### Required work:
Keep the pictures out, and restate the listing that follows exactly as written.

### Supplied material:
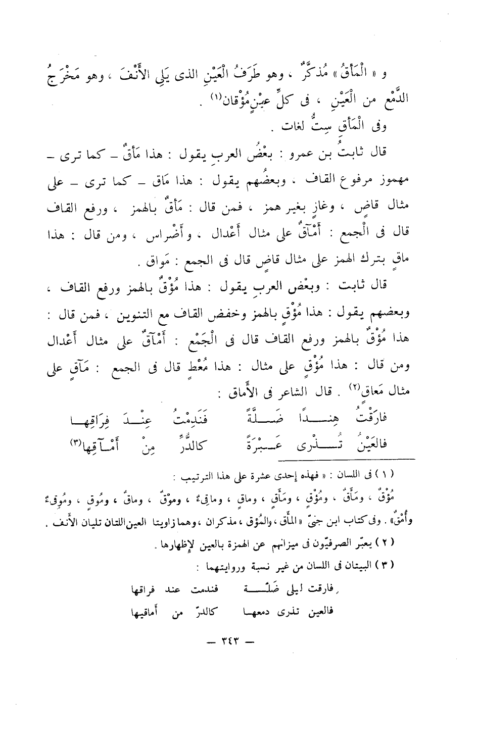 قال ثابتُ بن عمرو: بعْضُ العربِ يقول: هذا مَأقٌ - كما ترى - مهموز مرفوع القاف، وبعضهم يقول: هذا ماق - كما ترى - على مثال قاضٍ، وغازٍ بغير همز، فمن قال: مَأقٌّ بالهمز، ورفع القاف قال في الجمع: أمْآقٌ على مثال أعْدال، وأضْراس، ومن قال: هذا ماقٍ بترك الهمز على مثال قاضٍ قال في الجمع: مَواق.
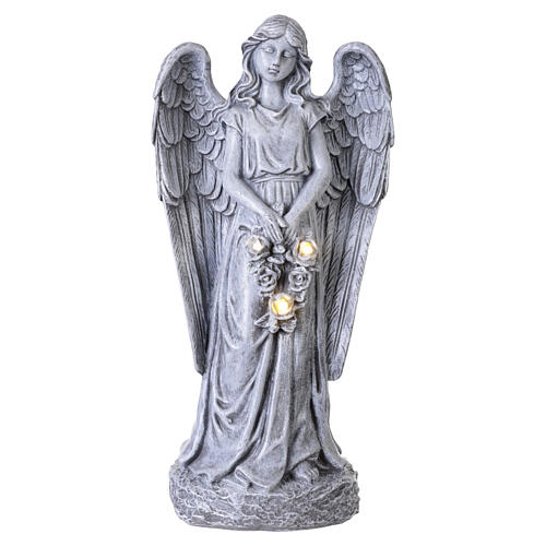 Outdoor angel with rose bouquet and solar light, 20 in, stone-effect finish.
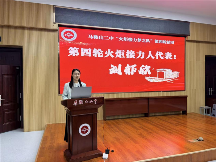 第四輪火炬接力人代表劉鬱欣發言,表達對傳承優秀教學經驗的期待,以及在師徒幫扶(fú)中積極學(xué)習、快速成長,為學校教育教學(xué)發展貢獻力量(liàng)的決心。

### Solution for this task:
 قال ثابتُ بن عمرو: بعْضُ العربِ يقول: هذا مَأقٌ - كما ترى - مهموز مرفوع القاف، وبعضهم يقول: هذا ماق - كما ترى - على مثال قاضٍ، وغازٍ بغير همز، فمن قال: مَأقٌّ بالهمز، ورفع القاف قال في الجمع: أمْآقٌ على مثال أعْدال، وأضْراس، ومن قال: هذا ماقٍ بترك الهمز على مثال قاضٍ قال في الجمع: مَواق.
 Outdoor angel with rose bouquet and solar light, 20 in, stone-effect finish.
 第四輪火炬接力人代表劉鬱欣發言,表達對傳承優秀教學經驗的期待,以及在師徒幫扶(fú)中積極學(xué)習、快速成長,為學校教育教學(xué)發展貢獻力量(liàng)的決心。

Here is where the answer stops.